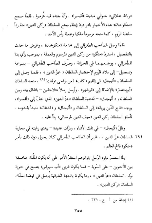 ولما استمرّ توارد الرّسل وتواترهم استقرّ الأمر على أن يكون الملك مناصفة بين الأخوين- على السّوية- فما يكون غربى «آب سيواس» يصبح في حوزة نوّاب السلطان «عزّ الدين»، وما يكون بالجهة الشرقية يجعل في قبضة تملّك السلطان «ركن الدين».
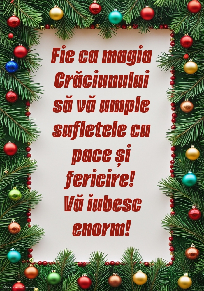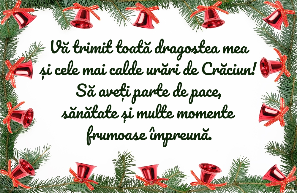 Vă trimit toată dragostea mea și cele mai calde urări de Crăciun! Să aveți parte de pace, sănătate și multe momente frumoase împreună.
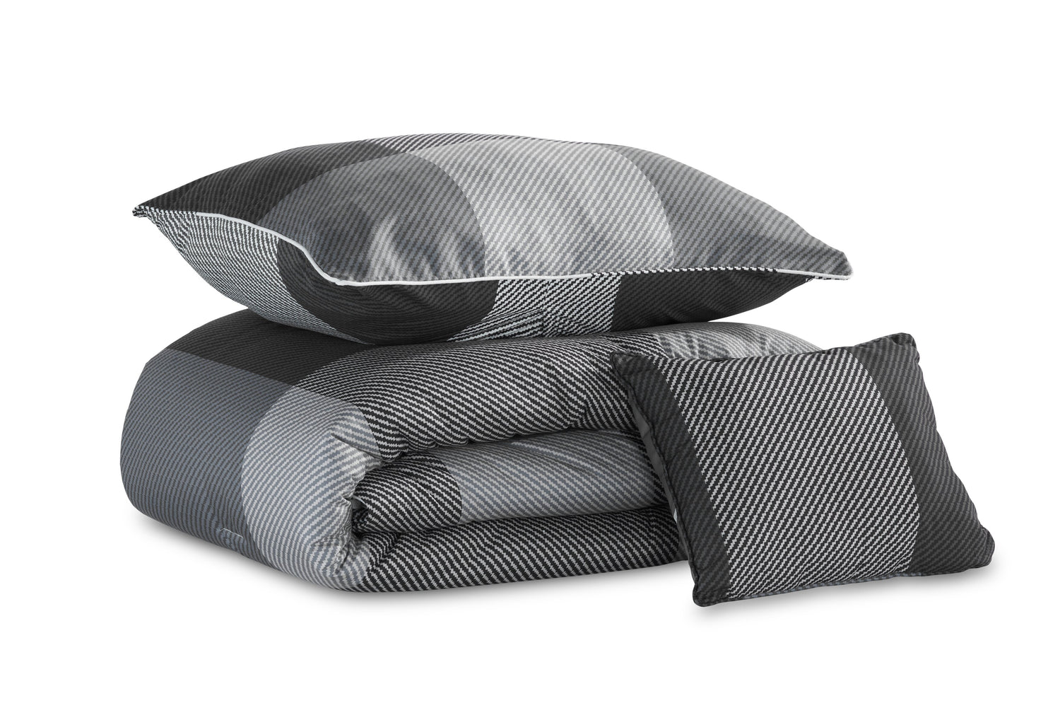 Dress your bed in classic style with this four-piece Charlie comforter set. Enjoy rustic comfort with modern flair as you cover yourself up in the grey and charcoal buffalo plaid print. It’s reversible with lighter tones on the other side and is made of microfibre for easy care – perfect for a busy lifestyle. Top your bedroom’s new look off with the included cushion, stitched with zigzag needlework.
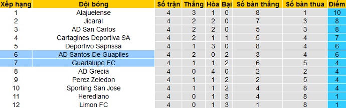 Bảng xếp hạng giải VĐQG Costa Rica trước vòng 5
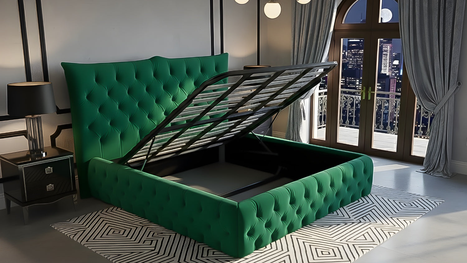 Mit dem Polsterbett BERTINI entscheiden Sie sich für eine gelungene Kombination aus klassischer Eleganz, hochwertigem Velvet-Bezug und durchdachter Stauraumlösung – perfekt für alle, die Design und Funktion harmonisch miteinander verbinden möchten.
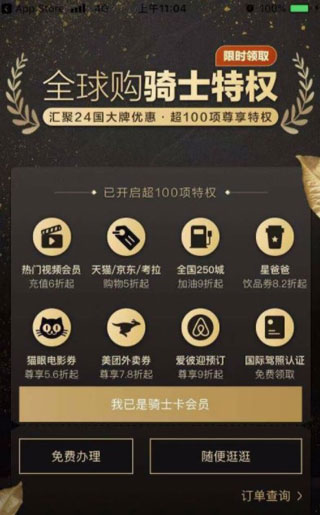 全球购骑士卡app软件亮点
++++++++++++++++++++
§ EXERCISE OBJECTIVE
Look above for the line with "Vă trimit toată" and the line with "Bảng xếp hạng", then copy them and all lines in between exactly as written, and only those, without any pictures.

§ FINAL ANSWER
 Vă trimit toată dragostea mea și cele mai calde urări de Crăciun! Să aveți parte de pace, sănătate și multe momente frumoase împreună.
 Dress your bed in classic style with this four-piece Charlie comforter set. Enjoy rustic comfort with modern flair as you cover yourself up in the grey and charcoal buffalo plaid print. It’s reversible with lighter tones on the other side and is made of microfibre for easy care – perfect for a busy lifestyle. Top your bedroom’s new look off with the included cushion, stitched with zigzag needlework.
 Bảng xếp hạng giải VĐQG Costa Rica trước vòng 5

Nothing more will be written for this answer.